• _Listed entries_
· · · · ·

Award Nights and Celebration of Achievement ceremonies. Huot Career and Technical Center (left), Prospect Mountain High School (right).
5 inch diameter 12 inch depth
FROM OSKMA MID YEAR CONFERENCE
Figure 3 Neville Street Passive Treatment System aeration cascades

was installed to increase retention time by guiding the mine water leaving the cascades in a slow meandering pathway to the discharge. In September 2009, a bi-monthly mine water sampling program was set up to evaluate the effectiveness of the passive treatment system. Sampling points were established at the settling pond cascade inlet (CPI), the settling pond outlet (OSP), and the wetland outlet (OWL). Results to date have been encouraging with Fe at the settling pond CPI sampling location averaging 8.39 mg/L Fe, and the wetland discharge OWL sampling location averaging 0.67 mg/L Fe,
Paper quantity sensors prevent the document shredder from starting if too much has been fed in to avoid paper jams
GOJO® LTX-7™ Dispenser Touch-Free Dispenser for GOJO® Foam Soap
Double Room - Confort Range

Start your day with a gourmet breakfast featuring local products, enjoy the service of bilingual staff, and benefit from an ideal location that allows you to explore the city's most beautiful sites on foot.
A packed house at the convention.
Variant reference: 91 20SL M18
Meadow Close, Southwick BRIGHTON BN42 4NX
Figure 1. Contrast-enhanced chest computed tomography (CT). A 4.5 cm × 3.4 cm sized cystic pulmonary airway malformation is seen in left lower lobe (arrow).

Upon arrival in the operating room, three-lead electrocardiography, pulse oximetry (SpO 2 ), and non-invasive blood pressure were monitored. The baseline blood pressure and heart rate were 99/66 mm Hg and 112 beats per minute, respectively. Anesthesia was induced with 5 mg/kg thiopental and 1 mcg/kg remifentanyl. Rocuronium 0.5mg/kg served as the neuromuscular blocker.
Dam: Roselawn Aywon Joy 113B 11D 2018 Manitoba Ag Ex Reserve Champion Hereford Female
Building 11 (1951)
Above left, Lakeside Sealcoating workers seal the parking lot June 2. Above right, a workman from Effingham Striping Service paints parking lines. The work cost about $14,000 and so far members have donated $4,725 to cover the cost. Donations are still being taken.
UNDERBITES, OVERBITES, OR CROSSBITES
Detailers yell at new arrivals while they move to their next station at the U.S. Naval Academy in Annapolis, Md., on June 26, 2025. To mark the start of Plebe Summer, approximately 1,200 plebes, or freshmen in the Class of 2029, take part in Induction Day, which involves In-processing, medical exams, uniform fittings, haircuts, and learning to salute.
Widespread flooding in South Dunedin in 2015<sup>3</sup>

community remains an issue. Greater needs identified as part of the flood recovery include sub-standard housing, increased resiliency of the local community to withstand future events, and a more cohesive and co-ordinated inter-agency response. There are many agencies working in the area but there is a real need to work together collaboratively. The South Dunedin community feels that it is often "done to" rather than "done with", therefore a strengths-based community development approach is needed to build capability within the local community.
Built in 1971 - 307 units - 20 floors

· · · · ·

• _Exercise objective_
Every line of the data above should be output exactly as written.

• _Answer to this problem_
Award Nights and Celebration of Achievement ceremonies. Huot Career and Technical Center (left), Prospect Mountain High School (right).
5 inch diameter 12 inch depth
FROM OSKMA MID YEAR CONFERENCE
Figure 3 Neville Street Passive Treatment System aeration cascades

was installed to increase retention time by guiding the mine water leaving the cascades in a slow meandering pathway to the discharge. In September 2009, a bi-monthly mine water sampling program was set up to evaluate the effectiveness of the passive treatment system. Sampling points were established at the settling pond cascade inlet (CPI), the settling pond outlet (OSP), and the wetland outlet (OWL). Results to date have been encouraging with Fe at the settling pond CPI sampling location averaging 8.39 mg/L Fe, and the wetland discharge OWL sampling location averaging 0.67 mg/L Fe,
Paper quantity sensors prevent the document shredder from starting if too much has been fed in to avoid paper jams
GOJO® LTX-7™ Dispenser Touch-Free Dispenser for GOJO® Foam Soap
Double Room - Confort Range

Start your day with a gourmet breakfast featuring local products, enjoy the service of bilingual staff, and benefit from an ideal location that allows you to explore the city's most beautiful sites on foot.
A packed house at the convention.
Variant reference: 91 20SL M18
Meadow Close, Southwick BRIGHTON BN42 4NX
Figure 1. Contrast-enhanced chest computed tomography (CT). A 4.5 cm × 3.4 cm sized cystic pulmonary airway malformation is seen in left lower lobe (arrow).

Upon arrival in the operating room, three-lead electrocardiography, pulse oximetry (SpO 2 ), and non-invasive blood pressure were monitored. The baseline blood pressure and heart rate were 99/66 mm Hg and 112 beats per minute, respectively. Anesthesia was induced with 5 mg/kg thiopental and 1 mcg/kg remifentanyl. Rocuronium 0.5mg/kg served as the neuromuscular blocker.
Dam: Roselawn Aywon Joy 113B 11D 2018 Manitoba Ag Ex Reserve Champion Hereford Female
Building 11 (1951)
Above left, Lakeside Sealcoating workers seal the parking lot June 2. Above right, a workman from Effingham Striping Service paints parking lines. The work cost about $14,000 and so far members have donated $4,725 to cover the cost. Donations are still being taken.
UNDERBITES, OVERBITES, OR CROSSBITES
Detailers yell at new arrivals while they move to their next station at the U.S. Naval Academy in Annapolis, Md., on June 26, 2025. To mark the start of Plebe Summer, approximately 1,200 plebes, or freshmen in the Class of 2029, take part in Induction Day, which involves In-processing, medical exams, uniform fittings, haircuts, and learning to salute.
Widespread flooding in South Dunedin in 2015<sup>3</sup>

community remains an issue. Greater needs identified as part of the flood recovery include sub-standard housing, increased resiliency of the local community to withstand future events, and a more cohesive and co-ordinated inter-agency response. There are many agencies working in the area but there is a real need to work together collaboratively. The South Dunedin community feels that it is often "done to" rather than "done with", therefore a strengths-based community development approach is needed to build capability within the local community.
Built in 1971 - 307 units - 20 floors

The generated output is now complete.